Societetsskolan

Societetsskolan i Göteborg för döttrar (The Society School for Daughters in Gotheburg) or simply Societetsskolan (The Society School), also referred to as Brödraförsamlingens flickskola i Göteborg (The Girls' School of the Unity of the Brethren in Gothenburg) and Evangeliska Brödraförsamlingens flickskola i Göteborg (The Girls' School of the Unity of the Evangelical Brethren in Gothenburg), or, finally, as Salsskolan (The Hall School), was a Swedish girls' school managed by the congregation of the Moravian Church in Gothenburg from 1786 until 1857.

It is referred to as the first girls' school in Sweden, because it was the first institution to provide serious academic and secondary education to female students.

History

The school is often referred to as the first girls' school in Sweden. Technically, this is not correct, as they were numerous schools for girls before, but the distinction is made to separate it from the previous girls' schools; the earlier educational institutions for girls, starting with the Rudbeckii flickskola founded by Johannes Rudbeckius in Västerås in 1632, normally only gave a shallow education meant to foster the students to ideal wives and mothers, such as the French language, music, dance, manners, household tasks and sewing. This school was therefore a new form of girls' school by giving them serious academic education, and it is therefore called the first girls' school.

The school had the goal to give females a more equal education to males, in accordance with the ideals of gender equality which was prevalent for the Moravian Church. Besides the more traditional subjects such as sewing and household tasks, the subjects were Swedish, German, French, English, Geography, Mathematics, Drawing and Music. The official main subject of the school was Christian Ethic Morals. The school had a very good reputation and high popularity rate from the start, and the students came from the more wealthy parts of the burgher classes.
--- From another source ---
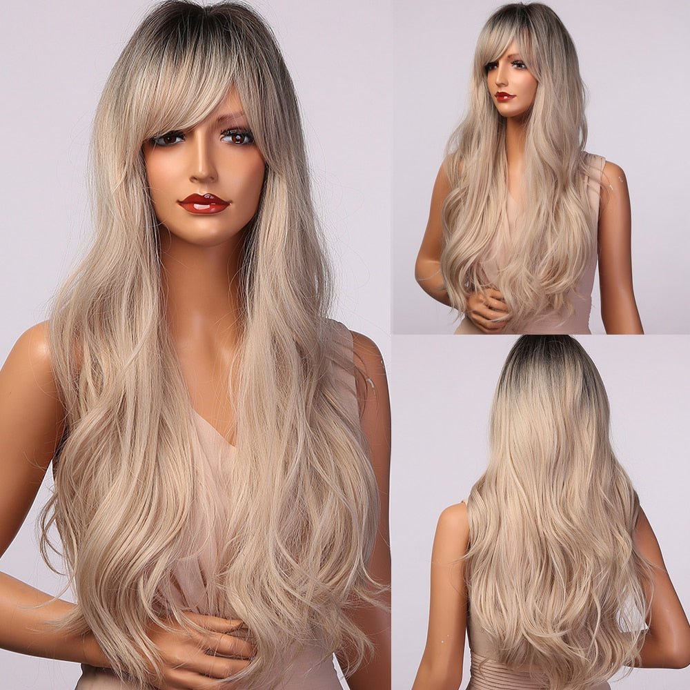 Perruque Longue Vague Platine Ombre Sale avec Frange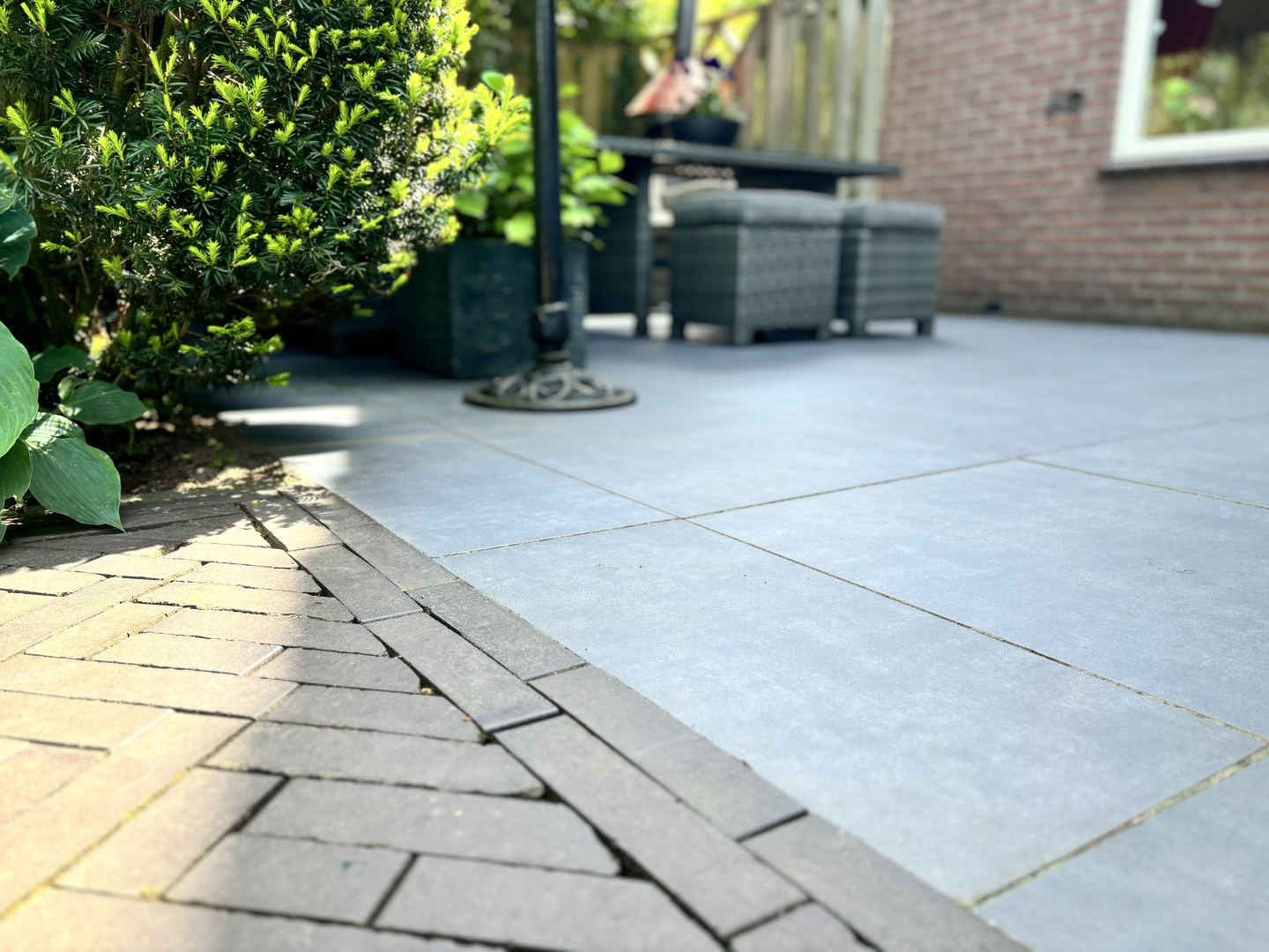 Geopremium 60x60x4 Hase: Deze tegels bieden een strakke en moderne uitstraling, perfect voor een eigentijdse tuin. De subtiele kleurnuances zorgen voor een tijdloos design dat goed samengaat met verschillende tuinmeubelen.

At the time of the introduction of compulsory elementary school in Sweden in 1842, it was one of five schools in Sweden to provide academic secondary education to female students; the others being Fruntimmersföreningens flickskola (1815) and Kjellbergska flickskolan (1833) in Gothenburg, Askersunds flickskola (1812) in Askersund and Wallinska skolan (1831) in Stockholm.

Cecilia Fryxell, counted as great reformer of women's education, was a teacher here in 1846-47. Among its students were the writer Emily Nonnen and the reform pedagogue Mathilda Hall.